I have an exponential polynomial on the unit interval of the form $$F(z,e^z)=P(z)+Q(z)e^{kz}$$ where $P$ and $Q$ are polynomials with integer coefficients and $k$ is a positive integer. I am interested in the number of roots in the interval $(0,1)$. Naturally, Sturm's theorem comes to mind, but here we have an exponential polynomial. After some research ("Towards computing non algebraic cylindrical decompositions" by Richardson, 1991 and described in https://www.researchgate.net/profile/Aude_Maignan/publication/221564404_Solving_One_and_Two-Dimensional_Exponential_Polynomial_Systems/links/5710d07208ae19b18694ee85/Solving-One-and-Two-Dimensional-Exponential-Polynomial-Systems.pdf), it seems I am in luck, where a Sturm's theorem is proved for real analytic functions, including exponential polynomials. However, I am having trouble using the theorem successfully, where my calculation (below) gives the wrong answer. It seems that either I can't use the theorem or I'm making a mistake somewhere.

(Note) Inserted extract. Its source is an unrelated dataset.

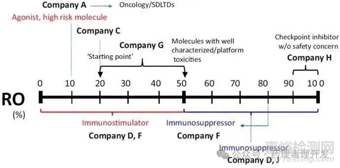 MABEL法中最常用的兩個(gè)指標(biāo)是RO值(%)和細(xì)胞實(shí)驗(yàn)的ECx(有效濃度)。那么企業(yè)究竟如何選擇這些量值呢。先看下RO值(%),如下圖所示。總體趨勢(shì)是對(duì)于高風(fēng)險(xiǎn)免疫調(diào)節(jié)劑使用小于50%的RO值,而對(duì)于低風(fēng)險(xiǎn)產(chǎn)品則使用大于50%的RO值。然而,在選擇具體數(shù)值時(shí)存在一些差異。例如,對(duì)于免疫激活劑,公司A選擇了10%的RO作為起始點(diǎn),公司C選擇了20%,公司G則在20%-50%之間。公司D和F采用了小于50%的RO范圍。對(duì)于免疫抑制劑,基本選擇了大于50%的RO。
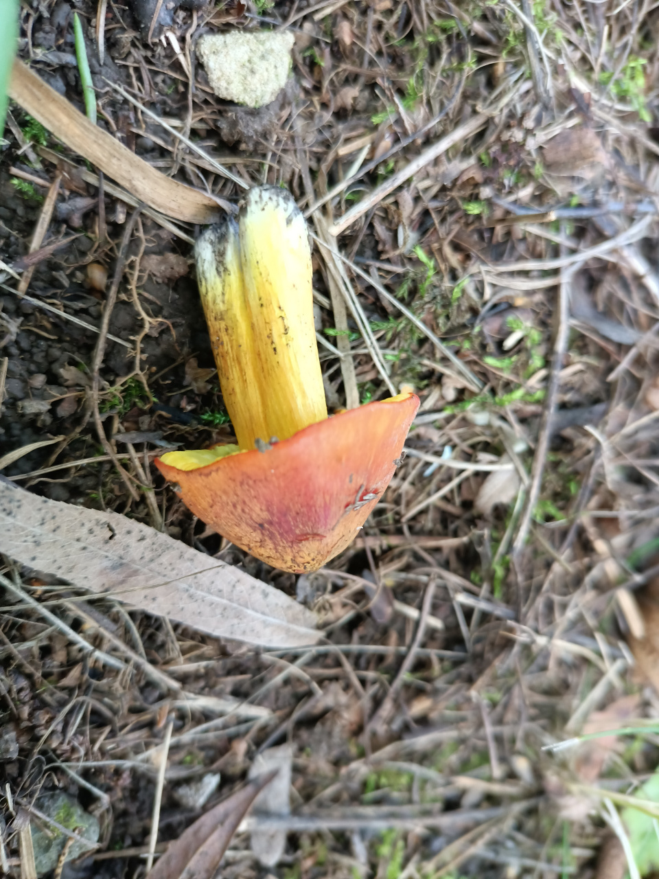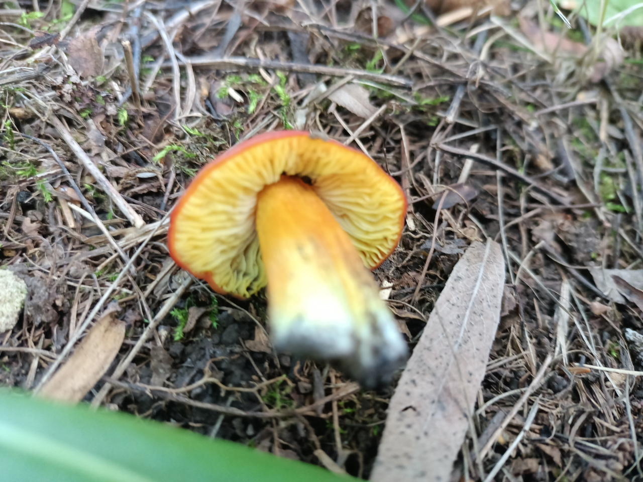 Яркая оранжево-красный, пластинчатый, шляпка куполом

To be specific, let $P(z)=-110z^2$ and $Q(z)=(1-z)^5-(1-z)^{16}+5z(1-z)^4-16z(1-z)^{15}$ and $k=10$.
Below I have a graph of $\log(\lvert F(z,e^z)\rvert)$, which clearly shows three roots: at 0 and around 0.18 and 0.51 (btw, does anyone know if these are real or rational?)
Plot of log of absolute value of polynomial
I proceed to use Sturm's theorem. My understanding is that I should interpret $F(z,e^z)$ as a classical polynomial in two-variables $F(z,y)$ where $y=e^z$. Then I generate a Sturm sequence as follows. Set the first element $f_1(z,y)=F(z,y)$. Set the second element $f_2(z,y)=\frac{\partial}{\partial y}F(z,y)=kQ(z)y^{k-1}$. The next element $f_3(z,y)$ is the negative polynomial remainder of $f_1$ divided by $f_2$ (as polynomials in $y$), which is $f_3(z,y)=-P(z)$. We are done (the next element is zero) and our Sturm sequence contains three elements. It seems that this implies that the maximum number of roots in $(0,1)$ is two (which is correct).
Set $S(z)=(f_1(z,e^z),f_2(z,e^z),f_3(z,e^z))$. Take $z=0.1,0.9$. We have $S(0.1)\sim(-0.00232472, 9.93218, 1.1)$ and $S(0.9)\sim(-85.3726, 15.1546, 89.1)$, so the signs are $(-,+,+)$ and $(-,+,+)$, each having a single sign change. Therefore the number of roots in $(0.1,0.9)$ is zero. But this is a contradiction because we know there are two roots.
What is going on? How do I (or can I) use Sturm's theorem for this particular exponential polynomial to conclude there are two roots in $(0,1)$?